81 min episode · 2 min read

Gabriela Corso,Jeremy Volven

Episode

81 min

Read time

2 min

Topics

Science & Discovery

AI-Generated Summary

Published Feb 12, 2026

Key Takeaways

✓Training Under Constraints: Boltz-1 was trained only once due to compute limitations, requiring live debugging during training runs. The team stopped training mid-run to fix bugs, then resumed without restarting from scratch. They used Department of Energy cluster resources with two-day training windows followed by week-long queue waits, eventually completing training with help from Genesis compute resources.
✓Coevolution as Structural Hints: AlphaFold models decode evolutionary patterns where amino acid positions that mutate together across species indicate spatial proximity in 3D structure. This coevolutionary data acts like database lookup, providing strong priors that guide models to approximate solution spaces before physics-based refinement finds low-energy states. Models struggle without this evolutionary signal on novel proteins.
✓Generative Modeling Over Regression: AlphaFold3 shifted from predicting single structures to sampling posterior distributions of possible conformations. This generative approach handles uncertainty better than regression, which averages conflicting predictions into incorrect structures. The architecture uses diffusion models with cubic computational complexity from pairwise operations, requiring fewer parameters but more compute than language models.
✓Validation Through Distributed Testing: Boltz coordinated 25 academic and industry labs to test designs across diverse applications, reporting results from 8-10 labs in their paper. For nanobodies targeting 14 novel proteins with no known interactions in training data, they achieved nanomolar binders on two-thirds of targets using just 15 designs per target, demonstrating true generalization beyond training distribution.
✓Atomic-Level Sequence Prediction: BoltzGen predicts both protein structure and sequence simultaneously by encoding amino acids through atomic composition.

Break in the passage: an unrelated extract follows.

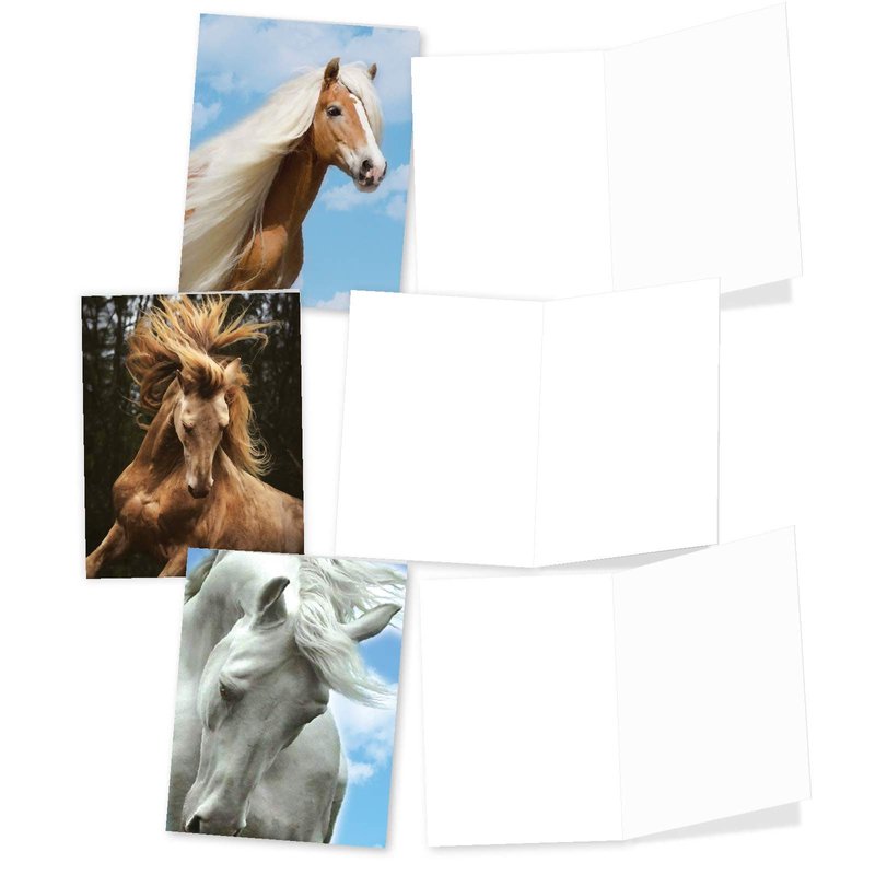 - INSIDE GREETING: The inside is ungreeted, making this perfect for your customized notes for all occasions! COVER: Mares, stallions, steeds, pintos, bays and chestnuts painted in active and posed positions.

The model receives blank tokens for designed proteins and predicts atomic positions, which implicitly determine amino acid identity since different residues have unique atomic arrangements. This unified supervision signal scales better than separate discrete and continuous objectives.

What It Covers

Gabriela Corso and Jeremy Volven from Boltz explain how they open-sourced protein structure prediction after AlphaFold3 remained proprietary. They trained their model once with limited compute, fixing bugs mid-training, and built BoltzLab to democratize drug discovery through accessible AI tools for designing proteins and small molecules that bind therapeutic targets.

Key Questions Answered

•Training Under Constraints: Boltz-1 was trained only once due to compute limitations, requiring live debugging during training runs. The team stopped training mid-run to fix bugs, then resumed without restarting from scratch. They used Department of Energy cluster resources with two-day training windows followed by week-long queue waits, eventually completing training with help from Genesis compute resources.
•Coevolution as Structural Hints: AlphaFold models decode evolutionary patterns where amino acid positions that mutate together across species indicate spatial proximity in 3D structure. This coevolutionary data acts like database lookup, providing strong priors that guide models to approximate solution spaces before physics-based refinement finds low-energy states. Models struggle without this evolutionary signal on novel proteins.
•Generative Modeling Over Regression: AlphaFold3 shifted from predicting single structures to sampling posterior distributions of possible conformations. This generative approach handles uncertainty better than regression, which averages conflicting predictions into incorrect structures. The architecture uses diffusion models with cubic computational complexity from pairwise operations, requiring fewer parameters but more compute than language models.
•Validation Through Distributed Testing: Boltz coordinated 25 academic and industry labs to test designs across diverse applications, reporting results from 8-10 labs in their paper. For nanobodies targeting 14 novel proteins with no known interactions in training data, they achieved nanomolar binders on two-thirds of targets using just 15 designs per target, demonstrating true generalization beyond training distribution.
•Atomic-Level Sequence Prediction: BoltzGen predicts both protein structure and sequence simultaneously by encoding amino acids through atomic composition. The model receives blank tokens for designed proteins and predicts atomic positions, which implicitly determine amino acid identity since different residues have unique atomic arrangements. This unified supervision signal scales better than separate discrete and continuous objectives.
•Infrastructure Cost Advantage: Running Boltz models on their platform costs significantly less than self-hosting open-source versions. Their small molecule screening pipeline runs 10x faster than open-source implementations through optimization. Platform users can parallelize 100,000 candidate designs across GPU fleets, completing in minutes what would take weeks serially, amortizing compute costs across customers.

Notable Moment

The team revealed their flagship model went through an unrepeatable training curriculum because they could only afford one training run. While the model trained, they discovered and fixed bugs on the fly, stopping and restarting training multiple times without returning to the beginning. This improvised approach somehow produced a working model that matched AlphaFold3 performance despite the chaotic development process.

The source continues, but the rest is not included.